There are five levels (lowest to highest cognitive skills):

  1. Knowledge/remembering

  2. Comprehension/understanding

  3. Application/applying

  4. Analysis/analyzing

  5. Evaluation/evaluating

  6. Synthesis/creating

You can use Bloom's taxonomy to identify verbs to describe participants’ learning. Examples of learning outcomes might include:

  1. Knowledge/Remembering: define, list, recognize;

  2. Comprehension/Understanding:characterize, describe, explain, identify, locate, recognize, sort;

  3. Application/Applying: choose, demonstrate, implement, perform;

  4. Analysis/Analyzing: analyze, categorize, compare, differentiate;

  5. Evaluation/Evaluating: assess, critique, evaluate, rank, rate;

  6. Synthesis/Creating: construct, design, formulate, organize, synthesize.

You need to remember that those learning outcomes need to be SMARTER:

Specific - Meaningful - Achievable - Relevant - Time-bound - Evaluate - Re-evaluate

 

EXAMPLE OF LEARNING OUTCOMES (obviously those examples might be far away from your project idea, but mind the terms used and the elements that these few points try to set out):

  • Capacity to integrate knowledge and to analyse, evaluate and manage the different public health aspects of disaster events at a local and global levels, even when limited information is available.

  • Capacity to describe, analyse and evaluate the environmental, social, cultural, economic, legal and organisational aspects influencing vulnerabilities and capacities to face disasters.

  • Capacity to work theoretically and practically in the processes of disaster management (disaster risk reduction, response, and recovery) and relate their interconnections, particularly in the field of the Public Health aspects of the disasters.

  • Capacity to manage the Public Health aspects of the disasters.

  • Capacity to obtain, analyse, and communicate information on risks, relief needs and lessons learned from earlier disasters in order to formulate strategies for mitigation in future scenarios with the ability to clearly present and discuss their conclusions and the knowledge and arguments behind them.

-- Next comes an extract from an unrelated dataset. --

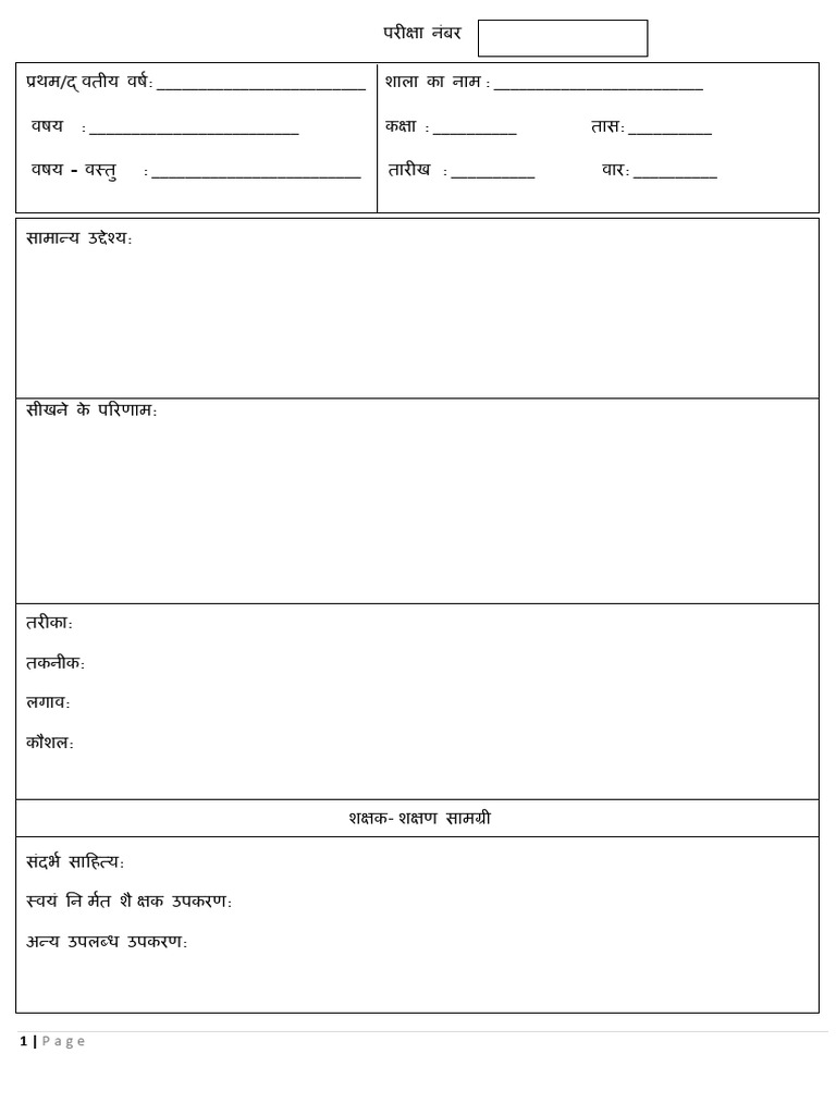 विर्य : _________________________ कक्षा : __________ तास: __________
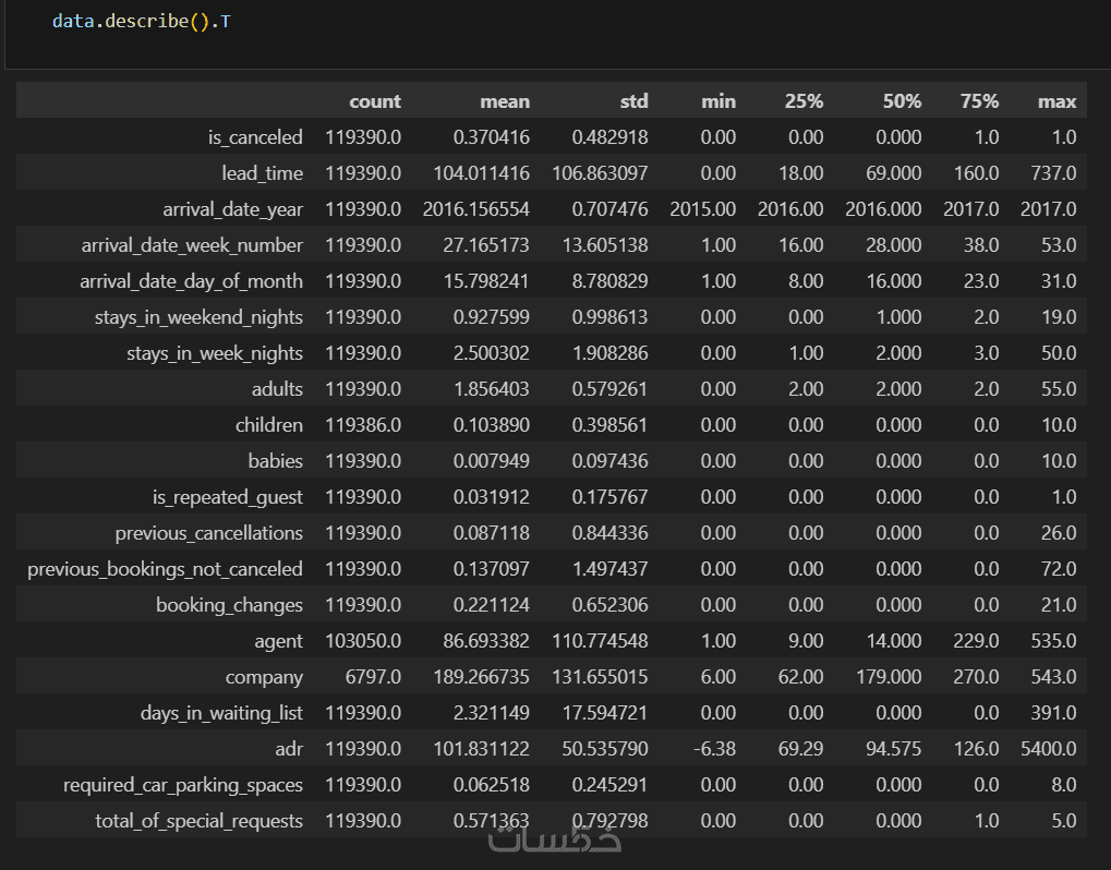 خدمة تحليل بيانات (EDA) تساعدك على فهم سلوك العملاء واستخراج رؤى قوية من بياناتك مثل بيانات حجوزات الفنادق، حيث أقوم بتنظيف البيانات، معالجة القيم المفقودة والشاذة، وتحليل العوامل المؤثرة على إلغاء الحجوزات والتسعير ومدة الإقامة، مع إنشاء رسوم بيانية واضحة وتقرير منظم يدعم اتخاذ القرار. ستحصل على تحليل شامل حتى 50,000 صف بيانات، مع ملف العمل والتقرير النهائي وإمكانية التعديل البسيط بعد التسليم، لتتمكن من تحسين استراتيجياتك واتخاذ قرارات مبنية على البيانات

  • Capacity to design and perform research on the different aspects of the emergencies and disaster events while demonstrating insight into the potential and limitations of science, its role in society and people’s responsibility for how it is used.

  • Capacity to analyse and evaluate research work on the field of emergencies and disaster while demonstrating insight into the potential and limitations of science, its role in society and people’s responsibility for how it is used.

All in all, learning outcomes usually follow the format: “At the end of the mobility, participants will be able to insert verb here + insert knowledge, skills, or attitudes the participant is expected to develop here.”

  • For example, “At the end of the mobility period, participants will be able to evaluate the specific attitude/game to be implemented in each specific multicultural class.”

We really hope this tip was useful to you. Good LUCK!!!